Hill, now 75, has a new film that recalls both his action gems and his baffling experiments; it’s a crackpot movie made by an intelligent man. The Assignment has the outline of a straight shoot-‘em-up, with a professional assassin seeking revenge. The hit man is Frank Kitchen, a walking cliché of the gangster genre: slick, neatly bearded, unerringly lethal. Frank runs afoul of two powerful adversaries, a San Francisco crime kingpin called Honest John Hartunian (Anthony LaPaglia), and a brilliant surgeon named Dr. Rachel Kay (Sigourney Weaver). As Frank’s story unfolds, we keep returning to a sterile interview room in a prison, where Dr. Kay is interrogated by a psychiatrist (Tony Shalhoub).

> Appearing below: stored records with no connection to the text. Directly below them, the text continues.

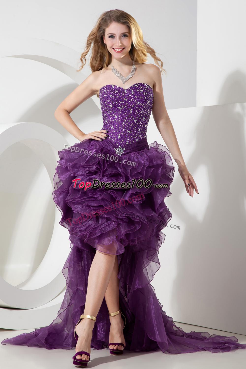 This short style is sure to wow! The crystals and bead works on the form-fitted bodice throughout makes you be the lightspot wherever you are. A pleated waistband with crystals gathered in the midsection is more girly. What makes this already shimmery dress more sexy and charming is the high-low skirt accented with multi-tiered ruffles in amazing organza. A brush train on the back will show off your passion. The zipper up closure finishes the fabulous look. You can dance the night away in this distinctive dress!
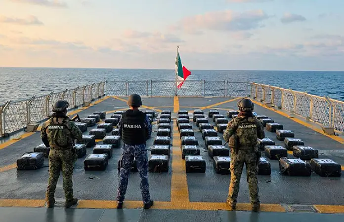 En redes sociales, el titular de la SSPC, Omar García Harfuch, indicó que "en la presente administración suman más de 60 toneladas de esta droga asegurada en aguas mexicanas".
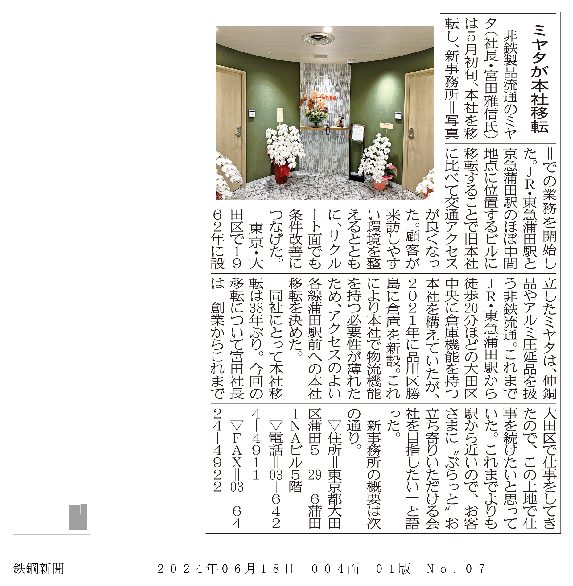 この度、1986年から大田区中央にて本社業務を続けて参りましたが、
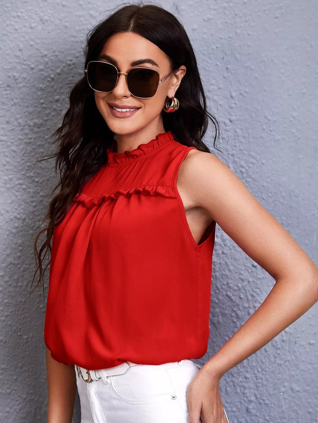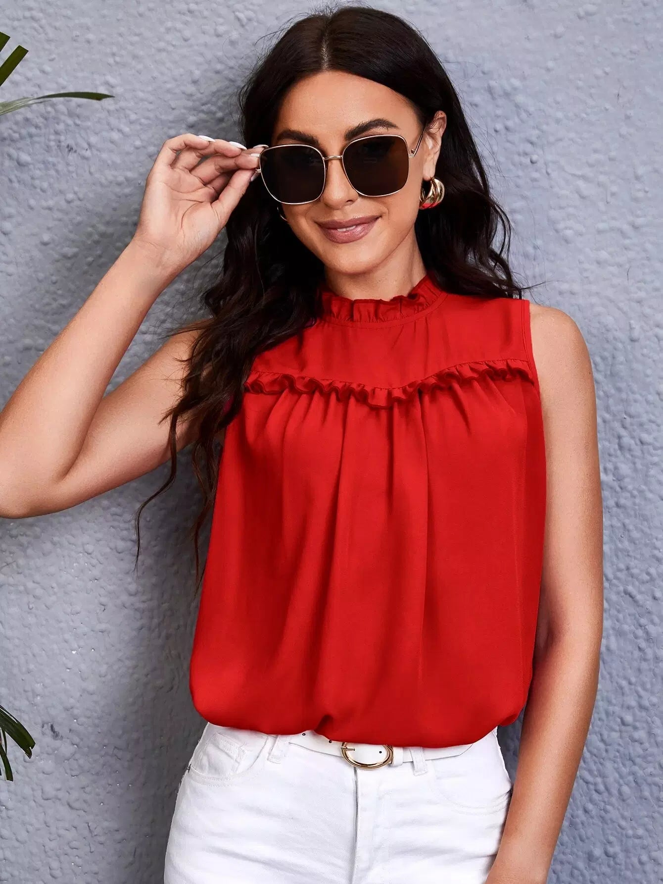 Frill Trim Plicated Tank Top
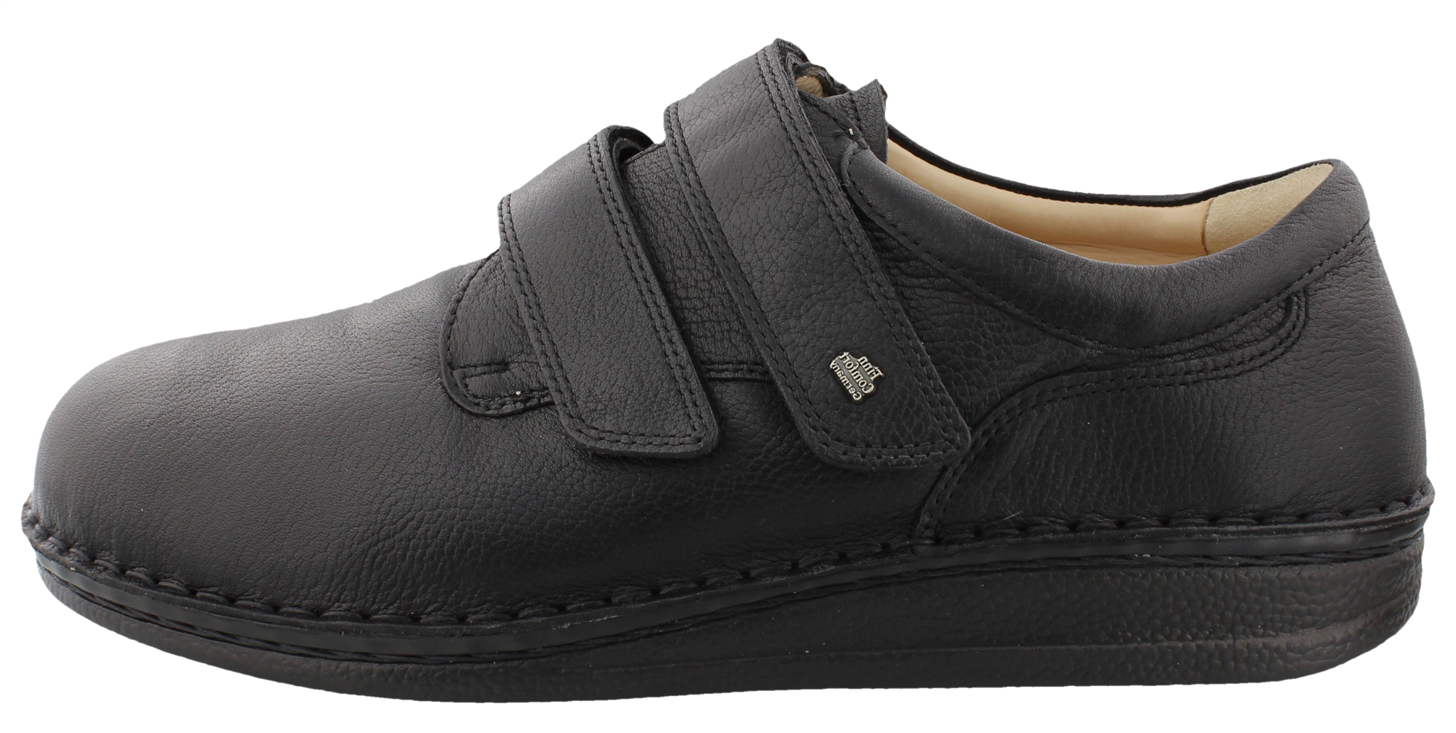 Finn Comfort Profylaxe klittenbandschoen, model 96103. Wijdte M, geschikt voor de zeer brede en gevoelige voet. Zwart superzacht sponarind nappa leer. Uitneembaar voetbed met een zachte toplaag voor extra demping.
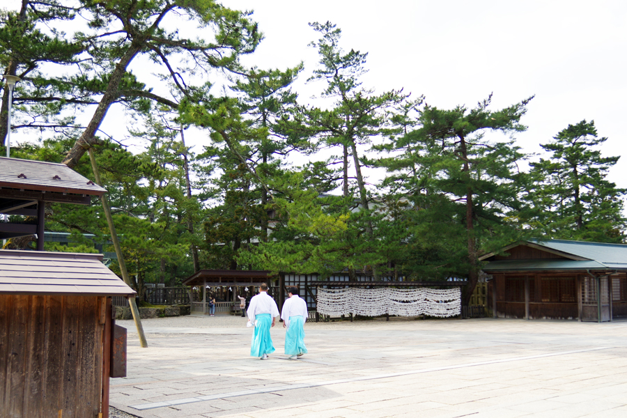 20年に一度式年遷宮を行う伊勢神宮は、宮地を改めて全てを新しくするというもの。この出雲大社の60年に一度行われるの大遷宮は、すべてを新しくするのではなく既存の建物に修繕を施すのだそう。今回は建物の修繕や屋根の葺き替えが行われました。
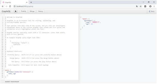$ curl -s "http://localhost:8080/graphql?query=query%7BgetMember(memberId:%22bbbbbbbb%22)%7Bname,age%7D%7D"
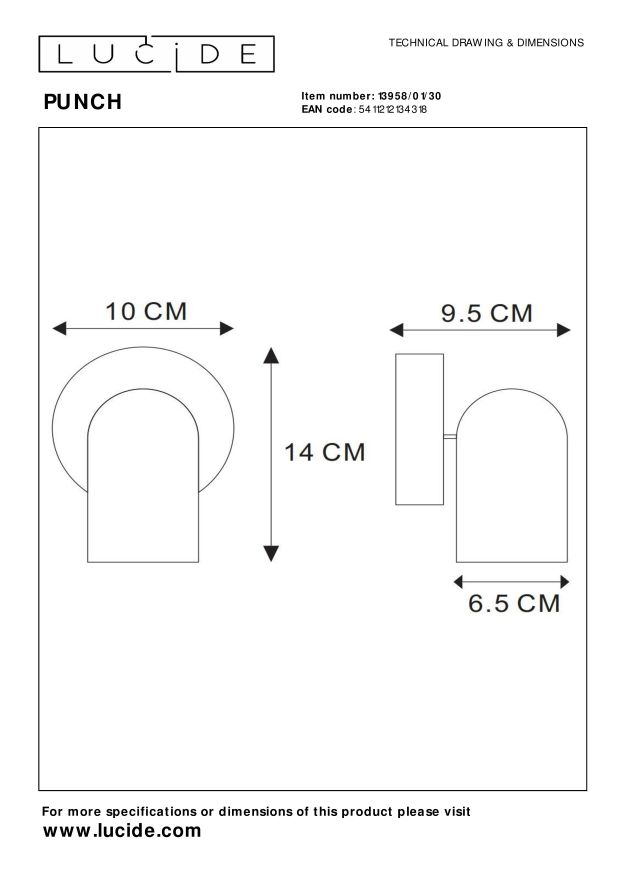 Een spot die jaren meegaat en moeiteloos integreert in elk interieur? Punch werpt het licht waar jij het hebben wil, want hij is wendbaar in alle richtingen. Met deze wandspot zet je je mooiste schilderij of je unieke wandmeubel in de schijnwerpers. Of plaats hem in de hal, het kleine kamertje of aan de trap. Hij volgt je voetsporen overal. Door hem te koppelen aan een externe dimmer creëer je de ideale sfeer op elk moment. Bovendien is Punch met zo'n 10 centimeter breedte bijzonder subtiel. Unieke productkenmerken: • Geschikt voor toepassing met LED lichtbron • Deze lamp is draaibaar en kantelbaar • Eenvoudig aan te sluiten op een dimmer (excl.) • Vervaardigd uit hoogwaardig metaal Belangrijke productkenmerken: • Verbruik: 1x35W / 240V / Dimbaar (lichtbron niet inbegrepen) • Afmetingen: L.14 x B.10 x H.9,5 cm • 2 Jaar garantie op het armatuur / Passende lichtbron is EAN: 5411212490643 Waarom kiezen voor Lucide verlichting? Lucide staat voor trendsettend design, vakmanschap en betrouwbaarheid. Als Belgisch familiebedrijf met ruim drie decennia aan expertise ontwerpen wij hoogwaardige verlichting die elke ruimte – binnen én buiten – verrijkt en transformeert. Onze veelzijdige collectie omvat duurzame armaturen en energiezuinige lichtbronnen, zorgvuldig ontworpen door onze eigen experts en geproduceerd volgens de strengste CE-normen. Met ons uitgebreide assortiment bieden we jou altijd een geschikte lichtoplossing, ongeacht stijl of ruimte. Zo verlichten we niet enkel jouw leefruimte maar ook jouw keuzeproces in de zoektocht naar kwalitatieve betaalbare verlichting. Bij Lucide combineren we innovatie met vakmanschap, voor verlichting die niet alleen sfeer toevoegt, maar van ieder huis een thuis maakt.
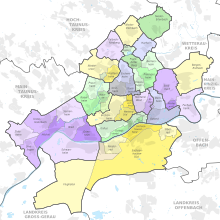 | City subdivisions | 16 area districts (Ortsbezirke) 46 city districts (Stadtteile) |

This straight outline goes awry when Frank becomes the victim of an unwanted gender-reassignment surgery, as payback for a past assassination. Frank wakes up inside a squalid hotel room in a female body; revenge, of course, ensues. (If you’re keeping track of Hill’s weirder ’80s projects, you might be flashing back to Johnny Handsome, in which ugly thug Mickey Rourke also gets a surgical makeover.) Frank is played, male and female, by Michelle Rodriguez, whose signature sneer is put to apt use in both versions of her character. A greater actor might have found complexity within this character, but it suits this film’s B-movie seediness that the androgynous Rodriguez finds one note and hammers it throughout.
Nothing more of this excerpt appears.